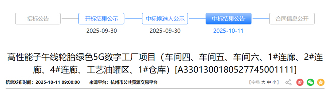 高性能子午线轮胎绿色5G数字工厂等4个大项目,宣布中标。
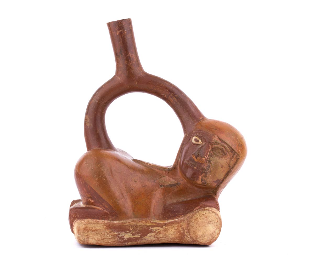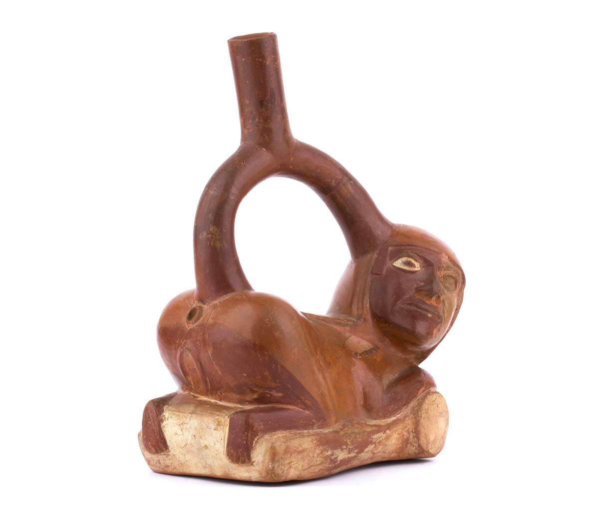 Female stirrup-spouted bottle, Peru, Moche Culture, ca. 4th - 6th century AD; height cm 24,5. Provenance: From the Marino Taini collection, Milan; this lot is sold with an export licence issued by the Republic of Italy.
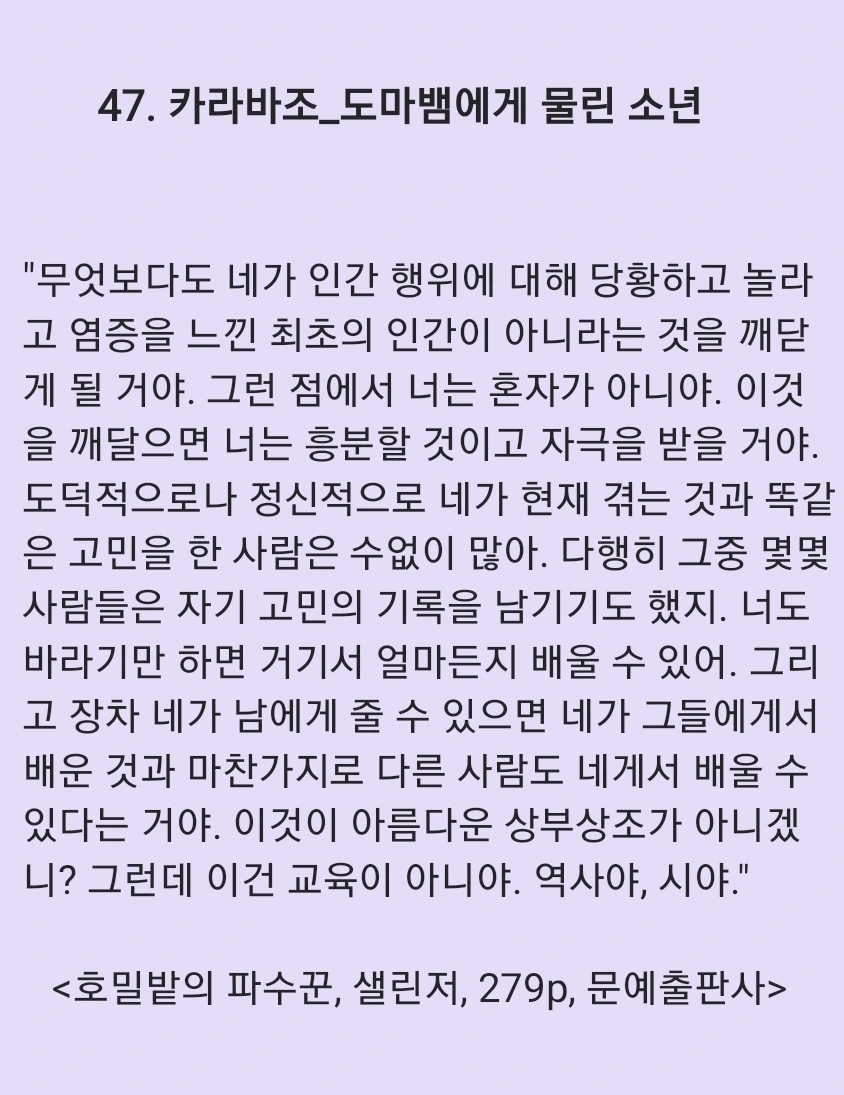 그 길에서 조금 덜 아프기 위한 지혜를 남겨주었다.
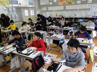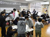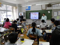 また本校では、福島県教育委員会の指定を受け、「学びのスタンダード」推進事業に取り組んでおり、4年・5年の算数科において、学びのスタンダード推進教師による教科担任制を進めてきました。今日の授業参観では、4年生において、担任との2人体制によるT・T授業に加え、電子黒板を使用した授業を参観いただきました。今、各学年で同時期に進めている「マット運動」の授業を、代表して行っている学年もありました。
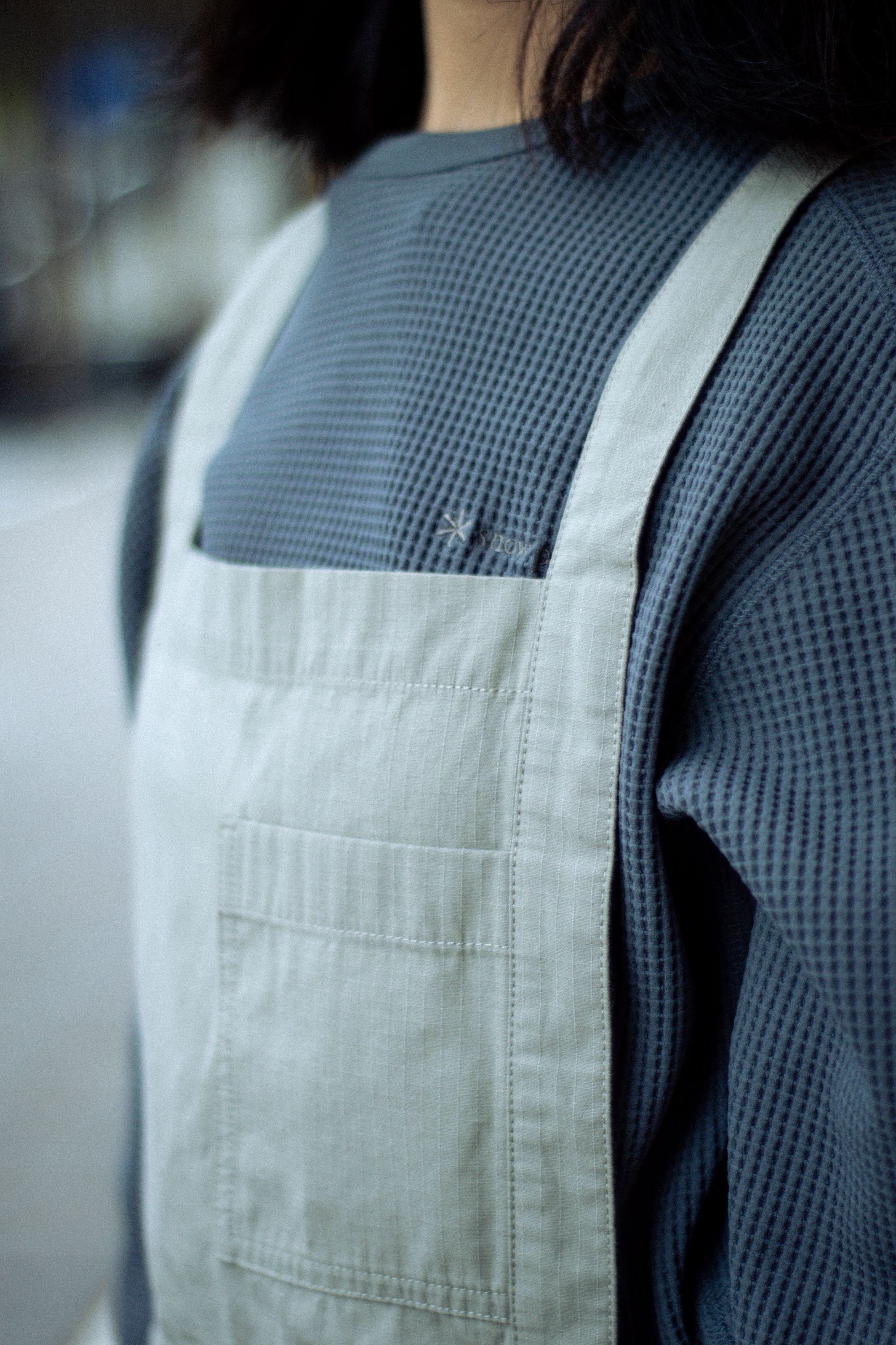 ミリタリーライクな生地の風合いにマッチした、ウィメンズのエプロン型ロングスカート。胸当て部分を取り外して、スカート単品での着用も可能な2WAY仕様。キャンプシーンでの焚火では、エプロンドレスとして着用すると胸もとまでカバーでき、肩紐は後ろ側の結び具合で長さ調節が可能です。

-------

▸ Required action: Going through the records above line by line, transcribe each one exactly and skip any pictures.

▸ Worked solution:
 高性能子午线轮胎绿色5G数字工厂等4个大项目,宣布中标。
 Female stirrup-spouted bottle, Peru, Moche Culture, ca. 4th - 6th century AD; height cm 24,5. Provenance: From the Marino Taini collection, Milan; this lot is sold with an export licence issued by the Republic of Italy.
 그 길에서 조금 덜 아프기 위한 지혜를 남겨주었다.
 また本校では、福島県教育委員会の指定を受け、「学びのスタンダード」推進事業に取り組んでおり、4年・5年の算数科において、学びのスタンダード推進教師による教科担任制を進めてきました。今日の授業参観では、4年生において、担任との2人体制によるT・T授業に加え、電子黒板を使用した授業を参観いただきました。今、各学年で同時期に進めている「マット運動」の授業を、代表して行っている学年もありました。
 ミリタリーライクな生地の風合いにマッチした、ウィメンズのエプロン型ロングスカート。胸当て部分を取り外して、スカート単品での着用も可能な2WAY仕様。キャンプシーンでの焚火では、エプロンドレスとして着用すると胸もとまでカバーでき、肩紐は後ろ側の結び具合で長さ調節が可能です。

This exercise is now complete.